IDC Japanは9月28日、国内クラウドサービス市場予測を発表した。これによると2010年の国内クラウドサービス市場は、前年比41.9%増の443億円規模となる見込みだという。国内クラウドサービス市場は急速に拡大を続け、2014年の同市場規模は、2009年比4.9倍の1534億円になると予測している。
IDCでは、ユーザー企業にとってクラウドサービスは「所有から利用へ」「コスト削減が可能」といった漠然としたイメージから、具体的に導入を検討すべき課題へと変化する段階にあり、これを背景に大幅な成長が見込まれるとしている。
クラウドサービスは、「システム構築の迅速性」「運用および保守の軽減」「低コスト化」をユーザー企業にもたらす。しかし、システム領域によっては、クラウドサービスの利用がユーザー企業にとって最適な選択肢になるとは限らない。IDCは、2009年までは、「クラウド万能説」をうたった情報発信が多く見られたが、現在は「クラウドの適材適所」を訴求する事業者が増加しているという。
クラウドの適材適所とは、ユーザー企業の規模や産業、システム領域を考慮し、パブリック、プライベートといった配備モデルの適性を検証するもの。また、既存システムからの移行性や連携性の評価も含まれる。IDCは、クラウドの適材適所は、ユーザー企業のクラウドに対する理解を深め、クラウドサービスの利用を促進しているという。これを受けて国内クラウドサービス市場は高い成長を続け、2009〜2014年の年間平均成長率は37.5%、2014年の市場規模は2009年比4.9倍の1534億円になると予測している。

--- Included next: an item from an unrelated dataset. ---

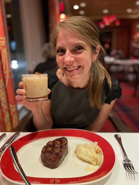 From Roanoke, it was about a 1.5 hour drive north to White Sulphur Springs, West Virginia where the Greenbrier is located. With the tagline "America's Resort," it is truly an amazing, sprawling hotel with shops, outdoor adventures, restaurants, a golf course, a casino, and other entertainment. There were times we really felt like we were in a Hallmark movie. We arrived around 1:30PM, and our room was ready, so after a quick stop to drop off our luggage, we headed to our 2:30PM carriage ride. Our driver Karl took lots of photos of us, which I greatly appreciated and Boomer endured with a good attitude :) We then went on a 30-minute ride around the resort and golf course. Karl shared a lot of history and tidbits about the Greenbrier. After the carriage ride, we returned to the check-in desk for the complimentary champagne which we missed our first time. We walked around the Main Lobby while enjoying our champagne and people watching. That evening, we had a 7:45PM dinner reservation at Prime 44 West, the steakhouse on the property named after the WVU basketball great, Jerry West. With a dress code outlined on their website, we changed out of our jeans and spiffed ourselves up to fit in with all the other guests. Beforehand, we got drinks in the main lobby: a Winter Spice White Russian for me and Apple of My Eye old fashioned for Boomer. We enjoyed our drinks by the fireplace and then made our way to the restaurant. I got the Jerry West Salad, with a 8 oz. Filet Mignon, and Boomer got the Karen's Caesar Salad (which was made table-side by our waitress) and the 20 oz. Bone-in Rib-Eye, and together we shared the famous lobster mashed potatoes, which were recommended by our carriage driver and also featured on the Food Network. Between the environment, the food, and the company, Boomer and I both said our dinner ranks as one of our top meals of all time (and most expensive!) After dinner, we took a stroll through the casino and watched the other resort guests gamble. No money spent by the Kennedys! The next morning, we had breakfast in the Main Dining Room, which again was top-notch. The time came for us to head home. Our 48-hour getaway had come to an end, but we sure packed it full with wonderful memories.

これまで、クラウドサービスはオンプレミス(自社導入)やホスティングなどといった既存のIT導入と比較し、その優位性を訴求することが事業者の課題だった。しかし、ユーザー企業の理解が進み、多くの事業者からクラウドサービスが提供されるようになった現在、クラウドサービス間での差別化が重要となっているという。
IDC Japan、ITサービスグループリサーチマネージャーの松本聡氏は「クラウドサービスでは煩雑な手続きを必要とせず、ユーザーが容易にサービスを利用する『セルフサービス』が特長のひとつ。セルフサービスは事業者の販売管理費を削減すると共に、ユーザーの利便性を向上する。しかし、対面販売に慣れたユーザー企業が多く、セルフサービスはクラウドサービス利用の障壁ともなっている。事業者は、セルフサービスの利用を促す施策を強化する必要がある。また、同施策はサービスの優位性を訴求する良い機会でもある」とコメントしている。